5. After the project opens:
   For IAR: Select the “Debug” Build from the workspace menu if not already selected. For Crossworks: Select the “Project Explorer” sub-window if not already selected.

6.  Next building the project:
   For IAR: Select “Project > Make” or press F7 to build the µEZ library project.
   For Crossworks: Select “Build->Build…” or press F7 to build the µEZ library project.
   Figure 8:
   Building the μEZ library project

7. After the build process is complete, there should be no errors.
   Figure 9:
   Build Finished
   

8. Close the IDE.

9. Next open up the actual start here project by navigating to the appropriate location: For IAR the workspace file is at StartHere\Build\uEZGUI_4088_43WQN\IAR\uEZGUI_StartHere.eww.
   For Crossworks the project file is at StartHere\Build\uEZGUI_4088_43WQN\Crossworks\uEZGUI_StartHere.hzp.
   Figure 10:
   Start Here Project Locations

10. Verify that the Debug build is selected to match the library project.

11. If using IAR, proceed to step 12, otherwise proceed to step 15.

12. Right click the main project name in the workspace and select “Options”
    Figure 11:
    Debug Settings

13. Select “Debugger” and verify that the “Driver” is set to “J-Link/J-Trace”.
    Figure 12:
    Debug Settings

14. Click the [OK] button to exit the dialog. Proceed to step 17

15. If using Crossworks, proceed to step 16, otherwise proceed to step 17.

16. Click “Target > Connect > SEGGER J-Link” from the drop down menu. This activates the J-Link probe.
    Figure 13:
    Debug Settings

17. Build (if needed), download and run the project following the respective IDE steps. For IAR: Press [Ctrl]+[D] or select “Project > Download and Debug” from the menu at the top.
    For Crossworks: Press [F5] or select “Debug > Go” from the menu at the top.
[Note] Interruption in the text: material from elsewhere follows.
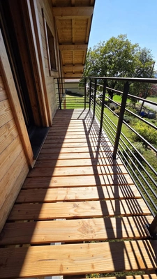 Dès l’entrée, vous serez séduits par une pièce de vie spacieuse et baignée de lumière, ouverte sur une cuisine "Ixina" moderne avec îlot central, parfaite pour partager des moments conviviaux. Cet espace accueille également un salon confortable, une salle d’eau et des toilettes indépendants avec point d’eau.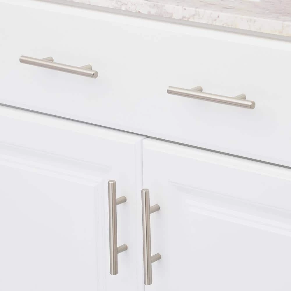 Update the looks of your kitchen cabinets with these sleek, European-styled Dynasty Hardware bar pulls. Their simple, elegant design complements traditional, transitional and contemporary decor. These cabinet pulls also work beautifully on bath storage cabinets, china cabinets and chests of drawers. Sturdy and comfortable to the grip, the solid steel pulls softly shine with a lovely satin nickel finish. Each pull features durable, 1-Piece construction and comes individually wrapped. Standard 8/32 in. x 1 in. machine screws are included for easy installation. Measuring 5-3/4 in. in length and 1-1/4 in. in height, these pulls are an ideal choice for kitchens with stainless steel appliances. Each set of cabinet hardware ships with 25 pulls per pack.

18. If the debugger has halted on a breakpoint, press [F5] to make the project run.
    After the project is running on the µEZ GUI, a simple window is shown with three text bars.
    Figure 14:
    Initial project
    To see where the window is developed, examine the folder structure of the initial project.
    Figure 15:
    File Hierarchy

All of the source code used to provide functionality to the project is within the “Source\App” directory. The “Source\App\emWin” directory contains the code that uses emWin to create and manage windows and other graphic designs for the GUI.

Adding a Button to the Home Screen
To demonstrate the process for adding widgets to a window, this section will walk you through the steps to create a button on the home screen which, once pressed, will open to a new window. To begin, open the HomeScreen.c file in the emWin directory. The HomeScreen.c file contains the information that is used to create a window and any widgets (buttons, etc) that will load with the window. The beginning of the file contains the #includes and a list of definitions that define the ID, size, and position of each object within the window including the window itself. In the next section, “Local Data”, there are two array variables which define the window and widgets and associate callback functions to them. The first array,
_iHomeScreenDialog[ ], is an emWin array that holds the ID, position, and size for each widget. The second array, HomeScreenMapping[ ] is a µEZ array which holds their text label, color, font, and callback functions.

NOTE: A callback function is a function which is called when an associated event occurs. For buttons, this event is a touch event. When the button is pressed (or depressed), the callback function is run to perform the desired task.
The remainder of the file contains the emWin event handler function and a window setup function. Any callback function that is used for widgets will also be placed in this section.

NOTE: Most of the code segments in this guide are formatted to be copied and pasted to assist you in easily applying the code to your project.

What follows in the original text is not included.